100%|██████████| 144069/144069 [00:42<00:00, 3384.66it/s]


INFO: Currently calculating metric: 'pmi'


100%|██████████| 2/2 [00:03<00:00,  1.82s/it]


INFO: Currently calculating metric: 'stats'
INFO: Currently calculating metric: 'npw_relevance'


100%|██████████| 2/2 [00:02<00:00,  1.49s/it]


INFO: Currently calculating metric: 'root_ttr'


100%|██████████| 2/2 [00:01<00:00,  1.71it/s]


INFO: Currently calculating metric: 'freq'


100%|██████████| 2/2 [00:03<00:00,  1.50s/it]


In [48]:
# Define the visualizer arguments
visualizer_args = VisualizerArgs(
	output_folder="output", zoomable=True, ngrams=None, output_formats=["html", "png"])

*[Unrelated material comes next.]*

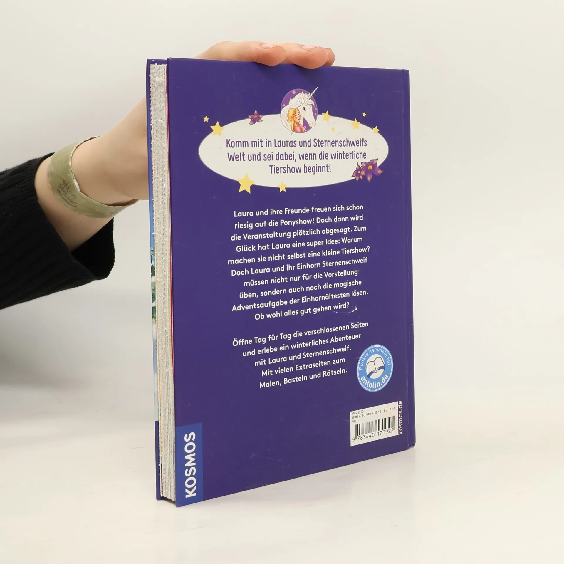 Ein weihnachtliches Sternenschweif-Abenteuer in 24 Kapiteln, versteckt hinter verschlossenen Seiten. Zusätzlich zu jedem Kapitel gibt es weihnachtliche Bastelideen, Rezepte, Rätsel und zauberhafte Sternenschweif Stickerbogen. Laura und ihre Freunde planen eine weihnachtliche Tiershow. Doch dann kommt es zum Streit und Pony Buddy verschwindet. Wird der magische Spiegel Laura und Sternenschweif helfen, die Show zu retten?

# Create dynamic visualizations of the results
charts = Visualizer(input_json=results, args=visualizer_args).create()

Reading json data...
INFO: Creating a BarChart object for metric "pmi"...
INFO: Saving it to the filepath: "output/pmi/BarChart.html".
The dataset is too big to be serialized as PNG efficiently. Please use the interactive HTML.
INFO: Creating a BarChart object for metric "stats"...
INFO: Saving it to the filepath: "output/stats/StatsBarChart.html".
The dataset is too big to be serialized as PNG efficiently. Please use the interactive HTML.
INFO: Creating a BarChart object for metric "npw_relevance"...
INFO: Saving it to the filepath: "output/npw_relevance/BarChart.html".
The dataset is too big to be serialized as PNG efficiently. Please use the interactive HTML.
INFO: Creating a BarChart object for metric "root_ttr"...
INFO: Saving it to the filepath: "output/root_ttr/DiversityBarChart.html".
The dataset is too big to be serialized as PNG efficiently. Please use the interactive HTML.
INFO: Creating a BarChart object for metric "freq"...
INFO: Saving it to the filepath: "output/freq/Bar

In [49]:
charts["stats"]["BarChart"]

On average, human-written texts tend to be around 100 tokens longer than theit generated counterparts.

In [50]:
charts["root_ttr"]["BarChart"]

Human texts (label 0) actually seem to be slightly more varied than GPT-generated ones, also exhibiting a higher standard deviation.

In [51]:
charts["npw_relevance"]["BarChart"]

The words used by humans (on the left) actually appear to be simpler, shorter, and potentially more related to everyday life. On the right, instead, words that are more commonly associated with generated texts seem to be more on the side of corporate talk and news articles.